Brenda looked suddenly nervous and waved goodby. Something was strange. I took a step toward her and not toward the gate. She started to close the pool house door. I put my hand on it, and we repeated the scene we had gone through at the front door.
“I want you to leave, Mr. Peters,” she whispered urgently.
“I thought I was Toby, and we were in love,” I whispered back, forcing my way into the pool house past her. She followed me to the door.
On the other side of the pool, across from us stood a girl in a blue dress. She was looking into the sun and squinting at us.
She took a step or two toward us around the pool, and I could see that she looked about 14, a little older than she did in the photograph with Flynn. I fingered the picture of the girl’s head I had in my pocket as she walked toward us, a slight touch of curiosity on her face.
“Mother,” she said, looking at Brenda, “you weren’t in the house, so …”
“That’s all right, Lynn,” said Brenda brightly. “Mr. Peters is from Warners. He was talking to me about a picture. Well, Mr. Peters, perhaps you could call me later, and we’ll finish our talk. I think we can work something out.”
She shook my hand and smiled as if nothing had happened. I had been taken, but not far enough. She had wanted me out of that house when the girl came home, and she knew the way to get me out. She hadn’t batted an eyelash when I had showed her her daughter’s picture.
“Your mother is a very fine actress,” I said to the girl.
The girl looked childish and innocent. Her eyes scanned me, my clothes and my scars with some question about my credentials as a studio executive, but she was too polite to say anything.
“Brenda,” I said, taking both of the woman’s hands. “I’ve enjoyed our talk, and I look forward to hearing what you have to say later. I’ll call.”
“Please do,” she said, guiding me back through the house. The girl trailed behind us.
As I stepped out the front door and down the stairs I looked back at the mother and daughter. The girl was shorter than her mother, and dark like her father. They both smiled and waved.
“I hope to see you again, Mr.
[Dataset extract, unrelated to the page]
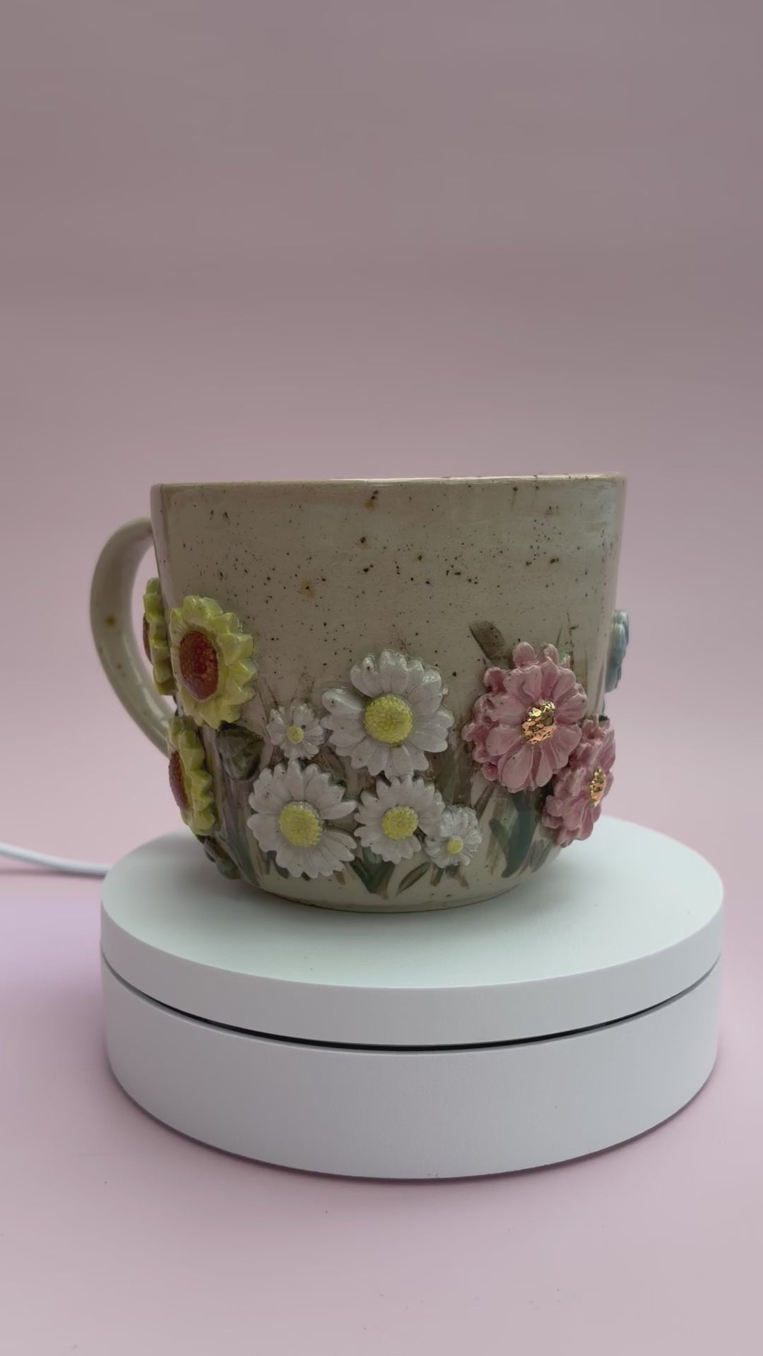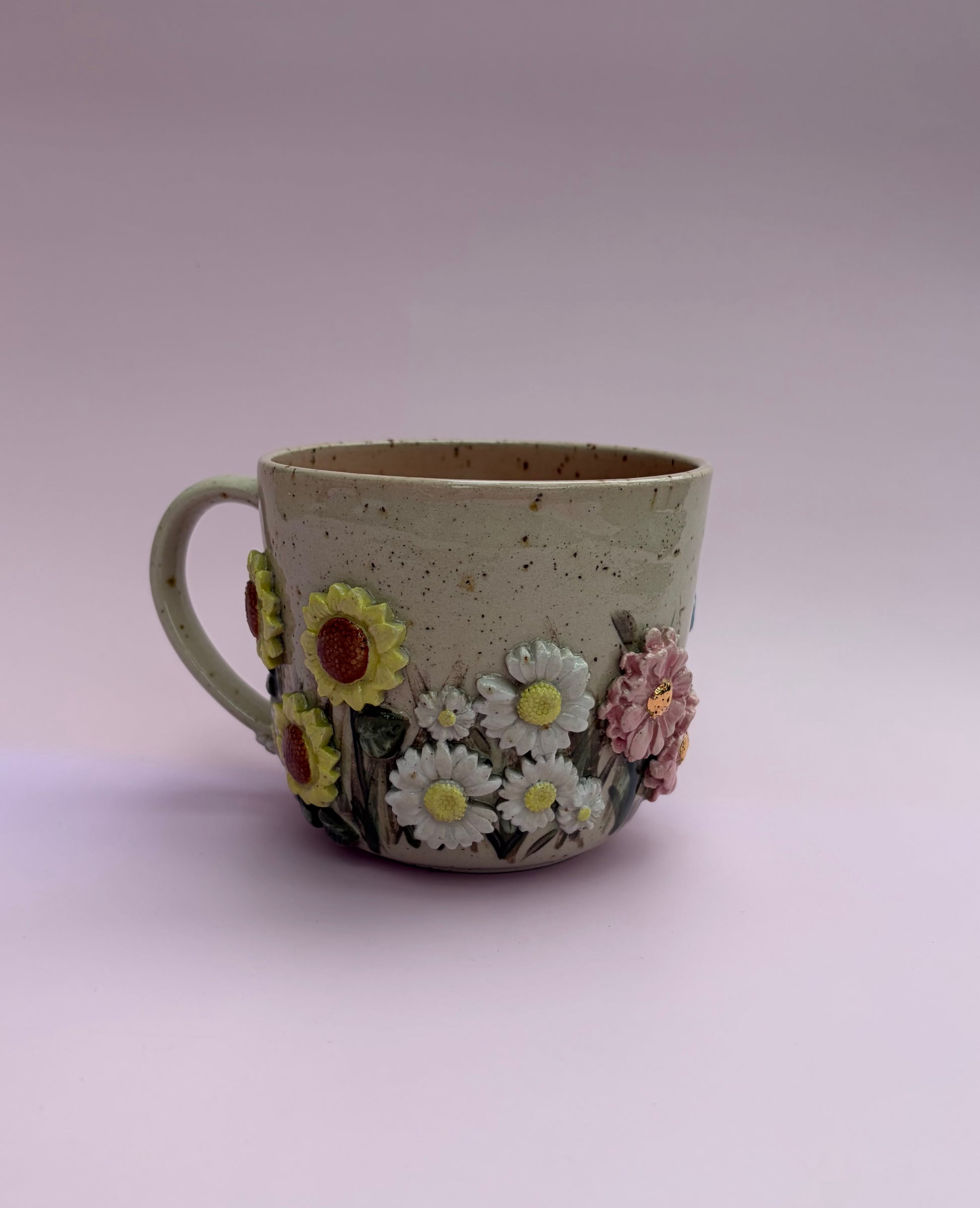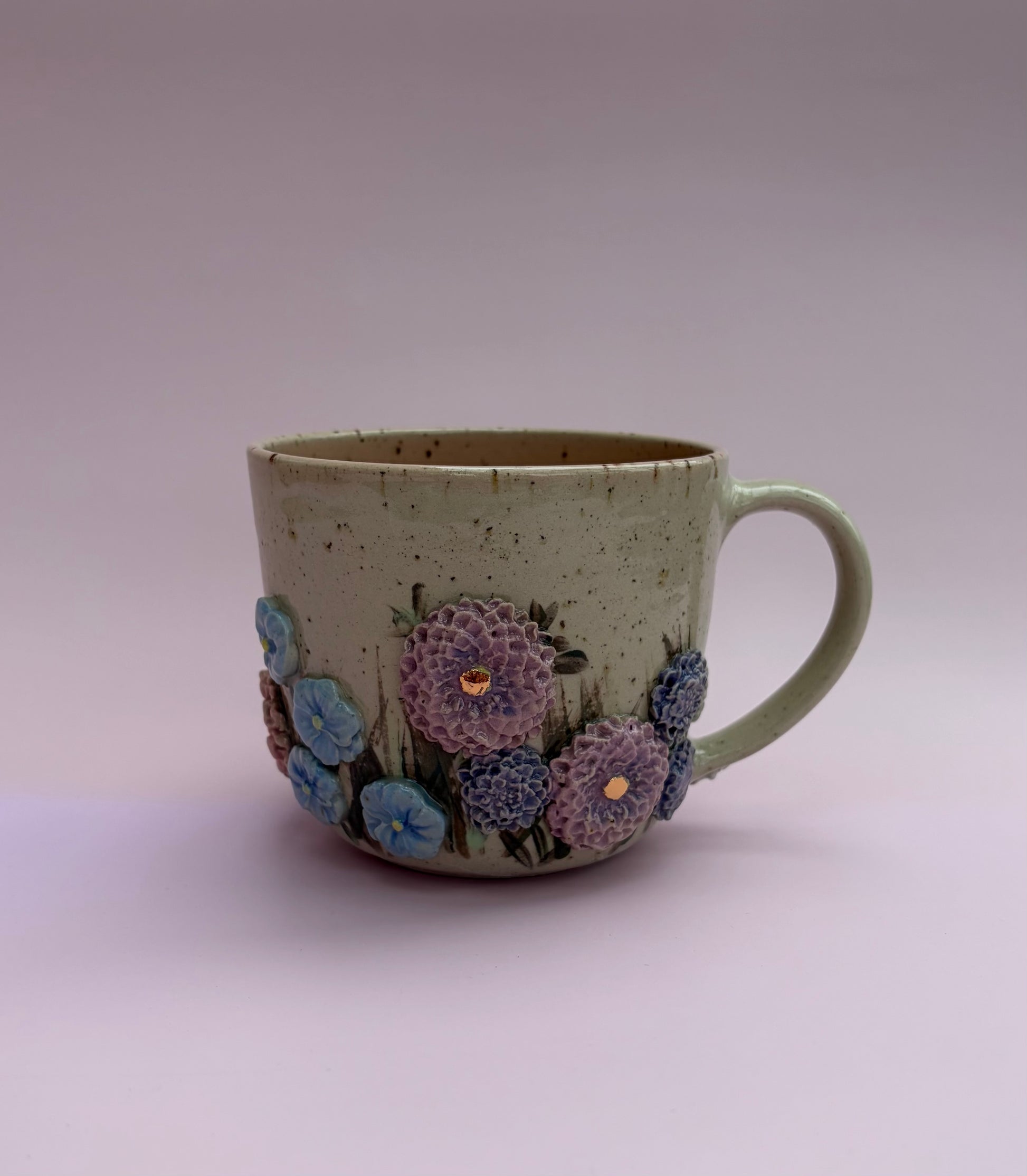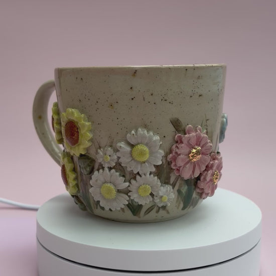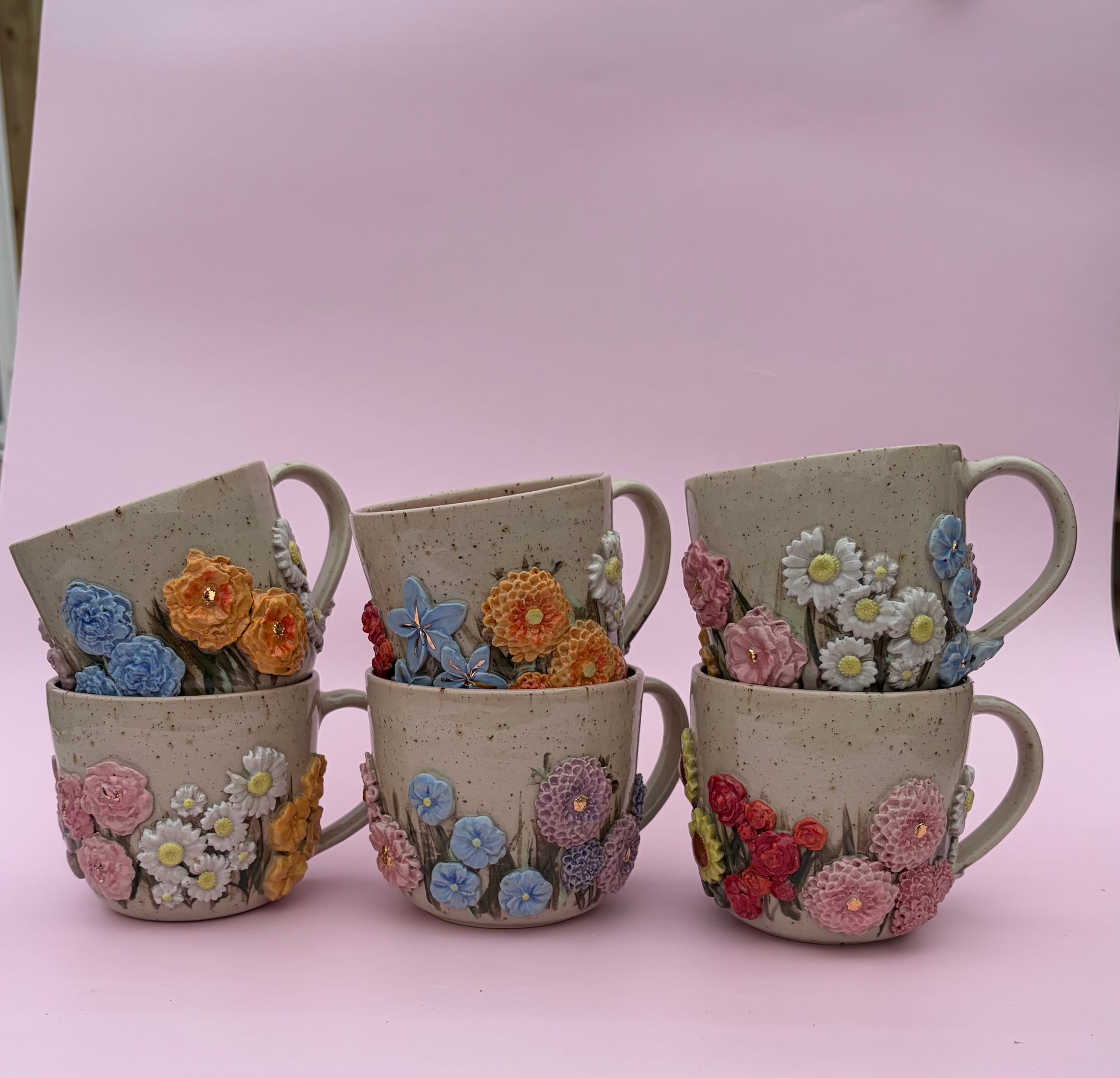 Alle kopper hos Vetche Keramik er unika kopper. Billedet i webshoppen er et eksempel på, hvordan typen "SommerEng" kan se ud.

Peters,” Lynn said politely.
“You will,” I said, with a wink and a return wave. Brenda was still smiling politely. The world continued to smile at me, and I didn’t know what the hell it was all about.
As I walked toward the street, I heard the distant growl of the two friendly dogs. I hurried along and went out of the metal gate, closing it behind me just as Jamie and Ralph appeared. I didn’t know if Brenda Stallings would have called them off this time, and I didn’t want to find out. I’d had enough excitement for one afternoon.
5
My office was in the Farraday Building on Hoover near Ninth, not far from my apartment. I don’t know who Farraday was, but the building bearing his name deserved to be condemned in 1930 or restored as an historical relic.
The Farraday Building was a four-story refuge for second-rate dentists, alcoholic doctors and insolvent baby photographers. My rent was paid not to the management but to Sheldon Minck, one of the dentists. I sublet a side office from Sheldon, who had been one of my first clients when I became a private investigator. I tracked down deadbeats who didn’t pay their bills. I threatened to forceably remove their bridgework if they didn’t spit up what they owed. I did pretty well until one fat woman in North Hollywood hit me in the face with a bottle of Fleischman’s Gin. Sheldon fixed my teeth, and we had become something like friends.
There was an echo and smell of Lysol when I walked through the lobby toward the fake marble stairs. I could hear the faint snoring of a bum somewhere in the darkness. I ignored it and started walking up the three flights.
Very few potential clients came to my office. If a client called, I met him at his home or business or a cafe or coffee joint.
Fading black, block letters greeted me on the pebble glass door:
SHELDON MINCK, D.D.S., S.D.
Dentist
TOBY PETERS
Private Investigator
The S.D. after Sheldon’s name didn’t mean anything. He thought it might give him an edge with off-the-street patients. It was probably the only office in California where you could get your teeth filled and your runaway grandmother found in one visit.